Code Section 19-6-18 or Code Sections 19-6-19 through 19-6-22, as applicable, shall be effective and shall apply to any judgment of a court providing permanent alimony for support, unless rendered prior to March 9, 1955, in which case Code Section 19-6-24 shall apply.
(Ga. L. 1978, p. 2204, § 1; Ga. L. 1979, p. 466, § 28.)
Law reviews.- For survey article on domestic relations, see 34 Mercer L. Rev. 113 (1982).
JUDICIAL DECISIONS
Retroactive application of alimony modification statute unconstitutional.
- Although Ga. L. 1977, p. 1253, § 1 and Ga. L. 1979, p. 466, § 23 provided that the court could take cognizance of a petition seeking a change of alimony on the basis of a change in the income and financial condition of either spouse (rather than husband only), the retroactive application of the alimony modification statute is unconstitutional. Sovern v. Sovern, 156 Ga. App. 752, 275 S.E.2d 791 (1980).
Legislature's intent.
- Under O.C.G.A. § 19-6-23, General Assembly expressed the legislature's intention to make curative statute retrospective. Summerlin v. Summerlin, 247 Ga. 5, 274 S.E.2d 523 (1981).
Amendments cannot be applied so as to impair alimony agreements.
- Despite expressed legislative intent, amendments cannot be applied so as to impair alimony agreements entered into before the amendments, though incorporated into the court's final judgment and decree of divorce. Shure v. Shure, 245 Ga. 36, 262 S.E.2d 800 (1980).
No claim for modification of pre-1977 decree stated.
- When the sole ground asserted by the appellant for a modification of alimony was a change in the financial condition of his ex-wife, and the decree was entered in 1968, when the only basis for modification of alimony was a change in the income and financial status of the husband, the appellant's claim for modification failed to state a claim for which relief could be granted. Sovern v. Sovern, 156 Ga. App. 752, 275 S.E.2d 791 (1980).
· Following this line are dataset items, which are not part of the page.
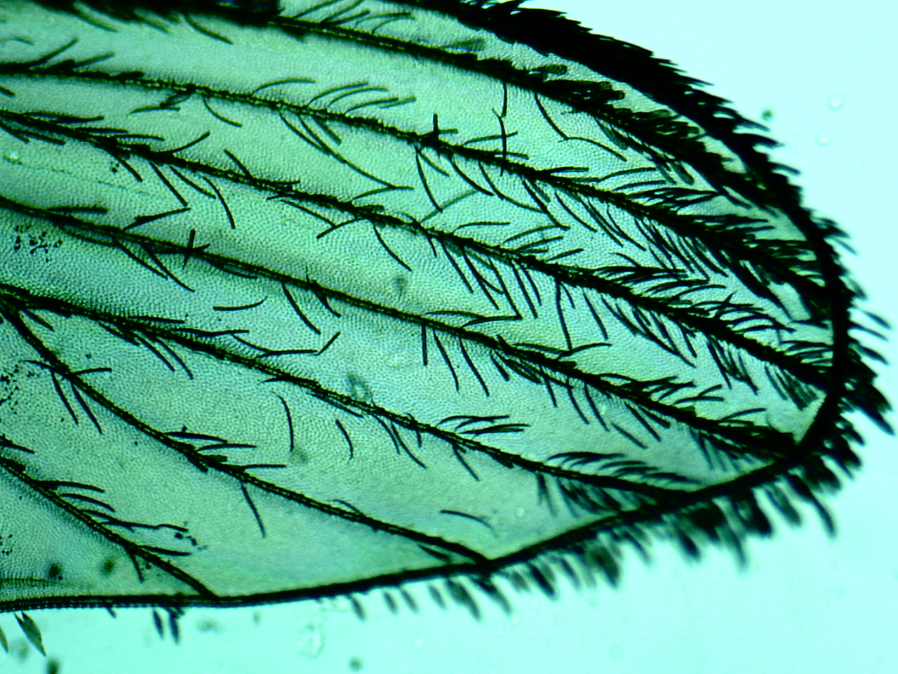 Folosind o pensetă am desprins cu grijă aripa unui țânțar. În imagine se pot observa solzi fini, dispuși atât pe venele aripii, cât și pe marginea acesteia. Solzii contribuie la reducerea frecării cu aerul și la îmbunătățirea zborului. Țânțarii bat din aripi până la 600 de ori pe secundă, producând astfel binecunoscutul zgomot.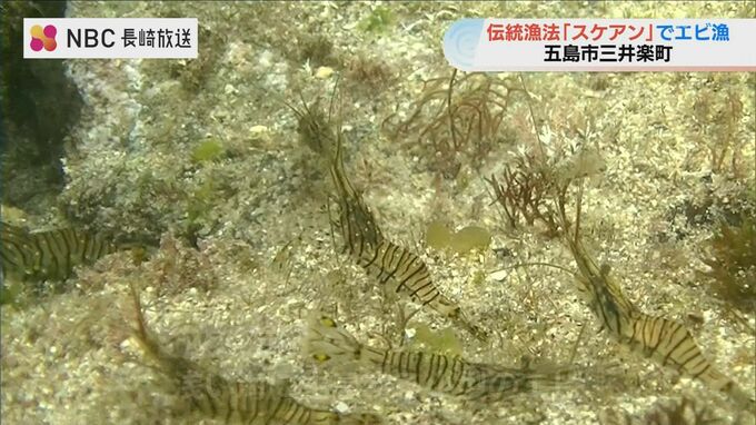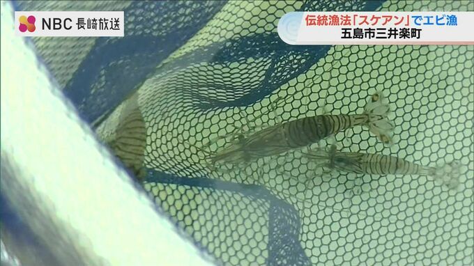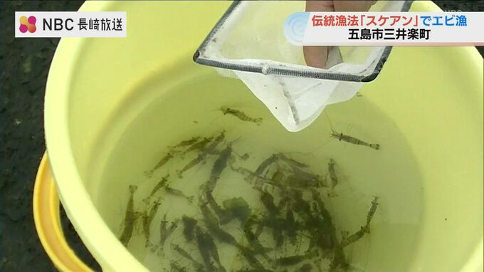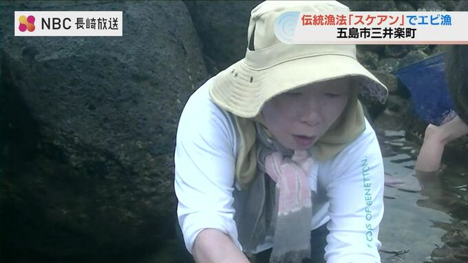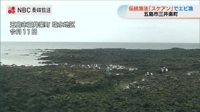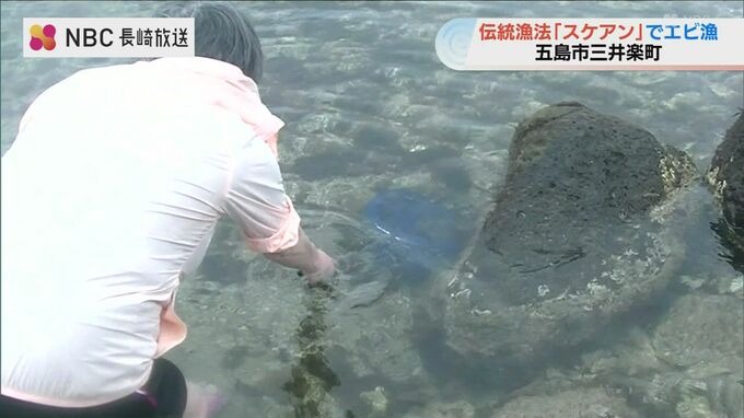 長崎県五島市の海岸では、潮の干満の差を利用した昔ながらの漁法で地元の人たちがエビ漁を楽しんでいます。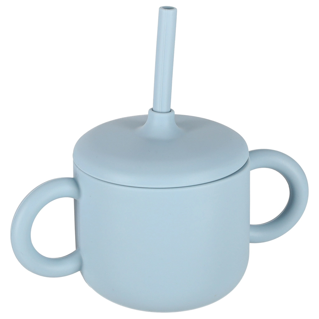 Kétfülű szilikon bögre fedéllel és beépített szívószállal, amely megkönnyíti az átállást a cumisüvegről. A puha felület nem csúszik, és kíméletes a kis kezekhez.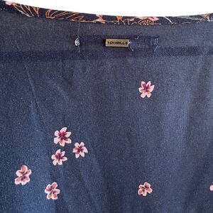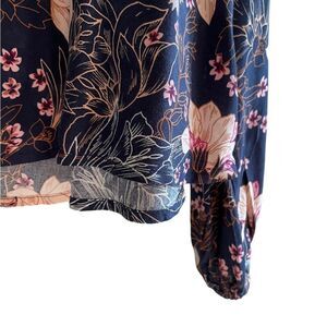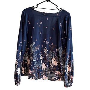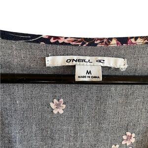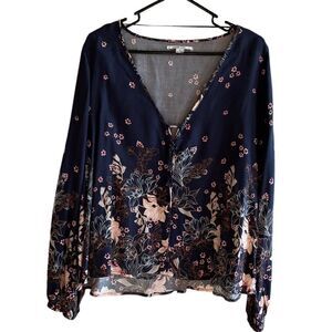 O'NEILL Floral Tie Front Long Sleeve Blouse Navy Blue Size Medium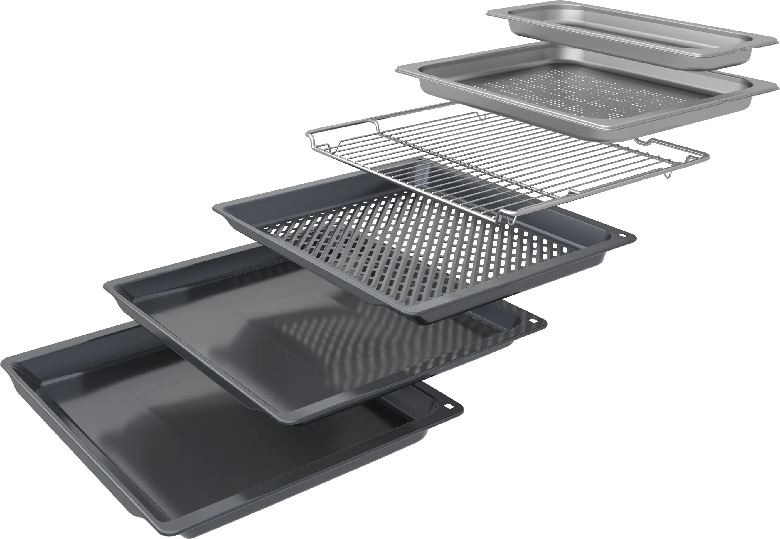 - 1 x Backblech emailliert, 1 x Dampfbehälter, gelocht, Größe M, 1 x Dampfbehälter, gelocht, Größe XL, 1 x Dampfbehälter, ungelocht, Größe M, 1 x Rost, 1 x Universalpfanne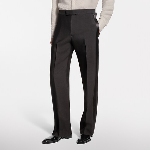 These black tuxedo pants are impeccably elegant, tailored from draped wool-silk crepe with satin bands down the outside of each leg. An adjustable waistband ensures a sleek silhouette with Monogram Flower rivets adding discreet signatures to the tabs. A matching tuxedo jacket and shirt make a chic evening set.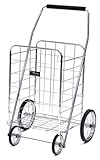 Ideal for grocery shopping and carrying laundry. Easily folds, opens, and stores. Rubber grip handle. Heavy, rounded, tubular vertical frame front and back. Capacity holds up to 150 lb. or 3.5 cu. ft. Heavy chromed steel wheels welded on the inside of rim with heavy spokes. Folds compactly for storage. Easy-to-assemble. Solid genuine rubber tires. Easily hooks to in-store grocery carts. Only weighs 15 lb. No. NTC001-RD: Red No. NTC001-WH: White No. NTC001-BK: Black No. NTC001-CH: Chrome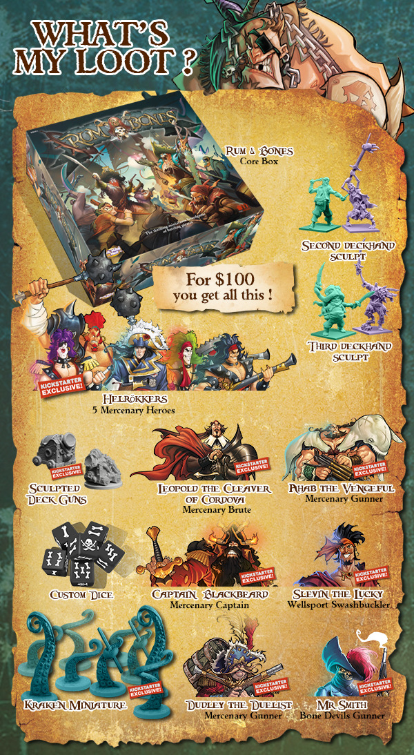 We've smashed through our first stretch goal at $75,000, backers! Meaning all boxes of Rum and Bones now include a second sculpt for their Deckhands.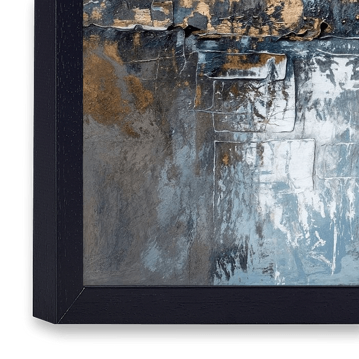 Ein abstraktes Gemälde mit blauen, grauen, weißen und bronzefarbenen Akzenten strahlt eine ruhige und elegante Atmosphäre aus. Dieses zeitlose abstrakte Werk strahlt Ruhe und Harmonie aus und verleiht Räumen einen edlen Look.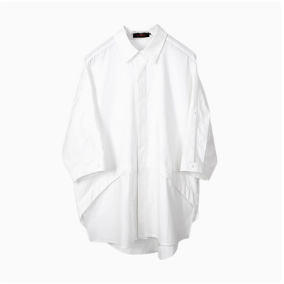 牧木男装原创设计港风宽松廓形燕尾中袖白色休闲衬衫男白衬衣男潮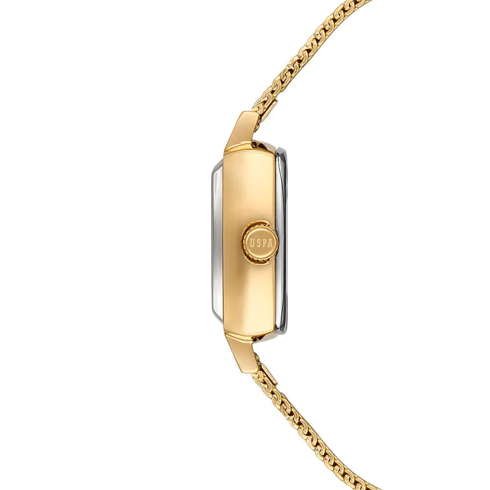 Женские наручные часы U.S. Polo Assn. Stile USPA2066-04 — это стильный и лаконичный аксессуар, выполненный в форме квадрата. Модель изготовлена из стали с PVD-покрытиемPVDУльтратонкое покрытие наносится в технике вакуумного напыления, сочетает в себе нитрид титана особой прочности со слоем золота или оксида хрома. Несёт в себе декоративную или защитную функцию. цвета желтого золота, придающий благородный внешний вид и устойчивость к царапинам. Циферблат зеленого цвета дополнен секундной стрелкой, обеспечивающей точность отсчёта времени. Защиту циферблата обеспечивает минеральное стеклоМинеральное стеклоМинеральное стекло представляет собой искусственно выращенный минерал кварца. Такое стекло отличается особой устойчивостью к повреждениям и царапинам. Уступает по некоторым качествам сапфировому стеклу., устойчивое к мелким повреждениям. Часы оснащены кварцевым механизмом, гарантирующим точность и минимальное обслуживание. Водонепроницаемость 3 АТМ позволяет использовать часы в повседневных условиях — при мытье рук или под лёгким дождём. Браслет выполнен в технике миланской сетки из стали с PVD-покрытиемPVDУльтратонкое покрытие наносится в технике вакуумного напыления, сочетает в себе нитрид титана особой прочности со слоем золота или оксида хрома. Несёт в себе декоративную или защитную функцию. и оснащён раскладным замкомРаскладной замокДанный вариант застежки используется только на часах с металлическим браслетом. Отличительная особенность такого крепления в том, что длина браслета становится универсальной и вы можете самостоятельно отрегулировать нужный вам размер – застежка просто двигается по браслету часов., обеспечивающей комфорт и уверенную фиксацию на запястье. Толщина корпуса составляет 10 мм, а его размер 26 мм, что делает часы компактными и удобными в носке. Эти часы станут универсальным аксессуаром для уверенных в себе женщин, которые ценят сочетание стиля, качества и эстетики — идеальный выбор для повседневного образа и торжественных случаев.
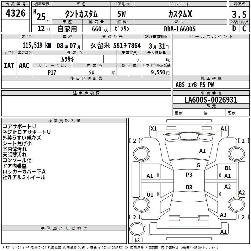 Статус продан Лот 4326 Аукцион TAA Kyushu Дата аукциона 10.03.2026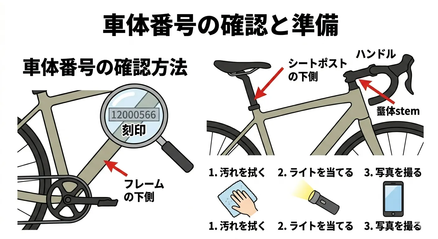 車体番号はフレームの下側などに刻印されていることが多く、汚れ・反射で読めずに手続きが止まることがあります。軽く拭いてライトで照らし、番号が読める写真を撮っておくと当日が早いです。

Party in an alimony action in which a final judgment was entered prior to Ga. L. 1977, p. 1253, § 1, amending Ga. L. 1955, p. 630, § 1 (resulting in O.C.G.A. §§ 19-6-18 and19-6-19) had a vested right in the judgment not being subject to modification because of a change in the income of the wife since the law in effect at the time of the judgment did not permit a modification on such change. McClain v. McClain, 241 Ga. 422, 246 S.E.2d 187 (1978).
Trial court did not improperly attempt to retain jurisdiction.
- Trial court did not improperly attempt to retain jurisdiction over post-divorce proceedings by directing the parties to follow an established mechanism to resolve disputes concerning the children, to alternate annual expenses such as the cost of uniforms, or to give the trial court a status report when the youngest child reached the age of 18; the order established permanent awards, and nothing in the language of the status report provision provided that the trial court could issue a modification of custody, visitation, or child support without a petition being properly filed by one of the parties under O.C.G.A. §§ 19-6-19 and19-9-23. Facey v. Facey, 281 Ga. 367, 638 S.E.2d 273 (2006).
Cited in Oliver v. Oliver, 244 Ga. 20, 257 S.E.2d 527 (1979); Morris v. Morris, 244 Ga. 120, 259 S.E.2d 65 (1979); Bisno v. Biloon, 161 Ga. App. 351, 291 S.E.2d 66 (1982).
RESEARCH REFERENCES
ALR.
- Divorce: court's authority to institute or increase spousal support award after discharge of prior property award in bankruptcy, 87 A.L.R.4th 353.